Frankfurt machte nun gehörig Druck, stand wesentlich höher, schaffte es, einige Ballbesitzphasen aneinanderzureihen, Präsenz in der Zentrale zu entfalten und Wolfsburg, wenn auch nicht ganz hinten reinzudrücken, so doch defensiv stark zu beschäftigen. Den unnötig von Kerschowski verursachten Elfmeter nutzte Ōgimi jedoch nicht zum Anschlusstreffer. Zu schwach war er geschossen.
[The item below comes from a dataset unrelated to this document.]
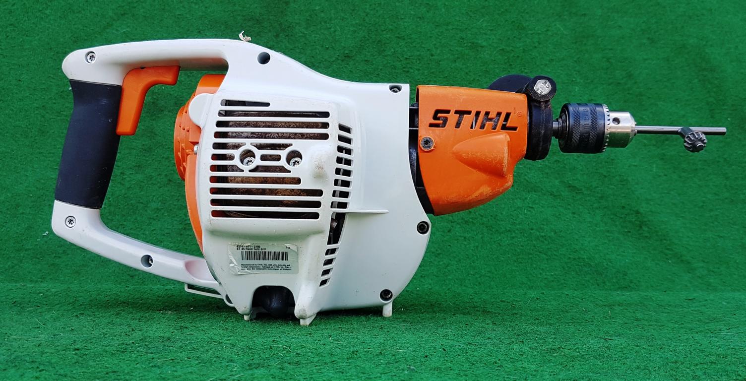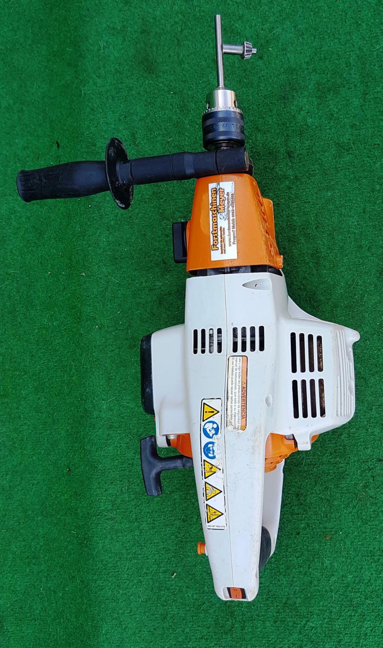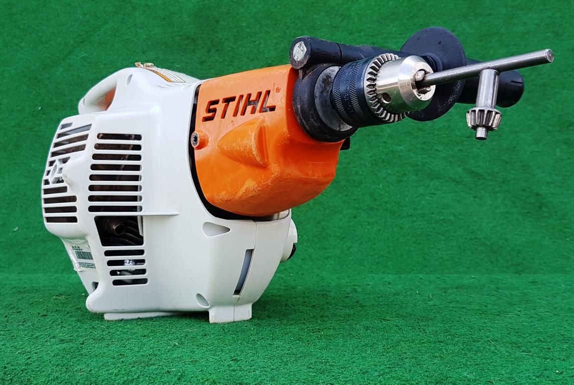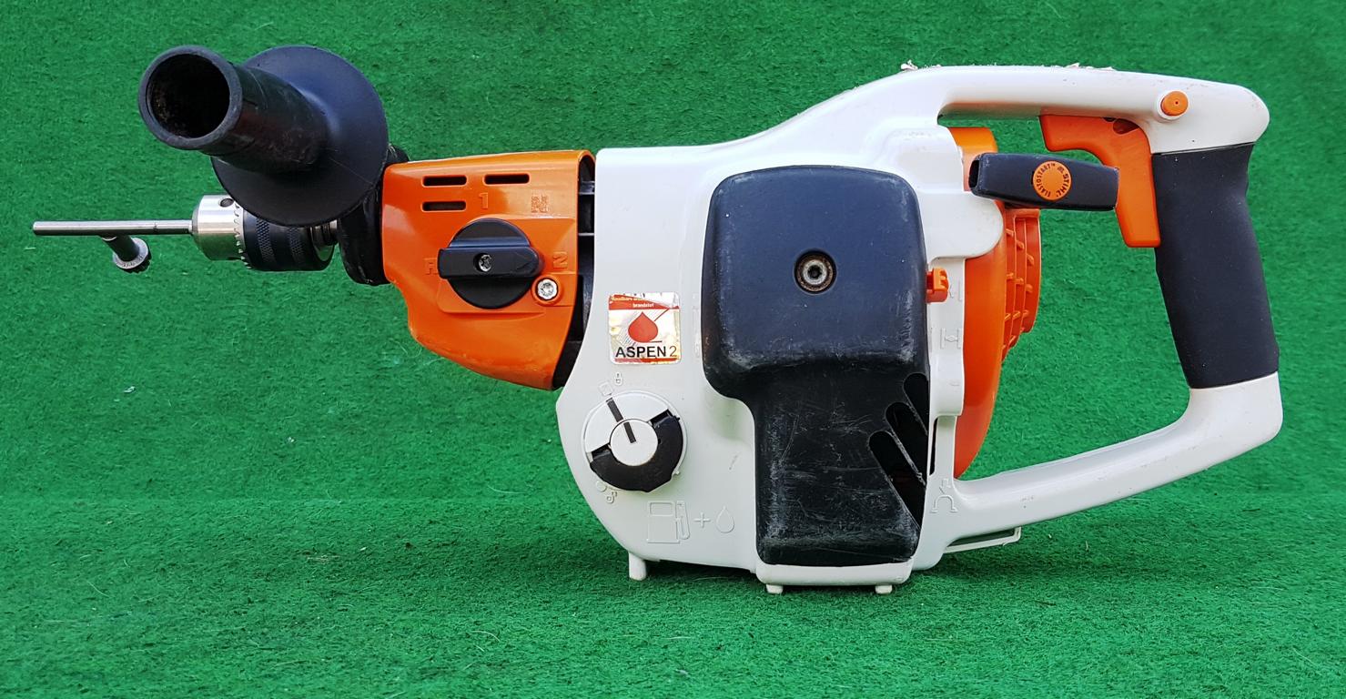 Handbohrmaschine mit starkem Benzinmotor. Mit Schnellspannfutter, Zweiganggetriebe und Rückwärtsgang zum Lösen festsitzender Bohrer. Komfortables Starten ohne drehendes Werkzeug in Leerlaufstellung.

Schult hatte sich für die richtige Ecke entschieden und bewies Fingerspitzengefühl bzw. ein Samtpfötchen, so dass sie den Abpraller selbst noch aufsammeln konnte.
Frankfurt fuhr nun in wenigen Minuten mehr Angriffe auf als in der gesamten ersten Halbzeit. Dabei hielten sich die Hessinnen kaum im Mittelfeld auf, sondern agierten mit schnellen langen Pässen in die Spitze, wo sie auf zweite Bälle setzen, wenn sie die Anspiele nicht direkt erreichen konnten. Wolfsburg geriet ein wenig ins Schwimmen, machte durch kluge Entlastungsangriffe jedoch auch klar, dass sie sich das Momentum nicht so einfach entreißen lassen würden. Nach einer gespielten Stunde war die Partie dann weitgehend ausgeglichen. Wolfsburg war nun nicht mehr ganz so dominant, da sich mittlerweile ein Gegner auf den Platz gesellt hatte, der in seiner Schussauswahl jedoch nicht zwingend werden konnte. Die größte Möglichkeit nach einem Freistoß in den Strafraum wurde wegen Fouls von Störzel an Schult abgepfiffen. Die Schlussphase gehörte dann wieder Wolfsburg, das die Zeit geduldig runterspielte. Insgesamt hatte Frankfurt das Match eindeutig durch zu viel Passivität in den ersten 45 Minuten verloren.
Die Bayern führen in der Folge die Tabelle knapp mit 13 Punkten nach fünf Spielen vor Frankfurt mit 12 und Wolfsburg mit 10 Punkten an. Hoffenheim steht mit ebenfalls 10 Punkten auf dem vierten Platz, während Turbine Potsdam mit nur drei Punkten auf dem vorletzten Rang in der Krise steckt. Am Mittwoch steht in der Hermann-Gerland-Kampfbahn das Rückspiel gegen Twente Enschede an, das ebenso wie das Spiel gegen Jena mit 1:1 unentschieden endete. Am kommenden Sonntag empfangen die Roten dann den SC Freiburg in der HGK.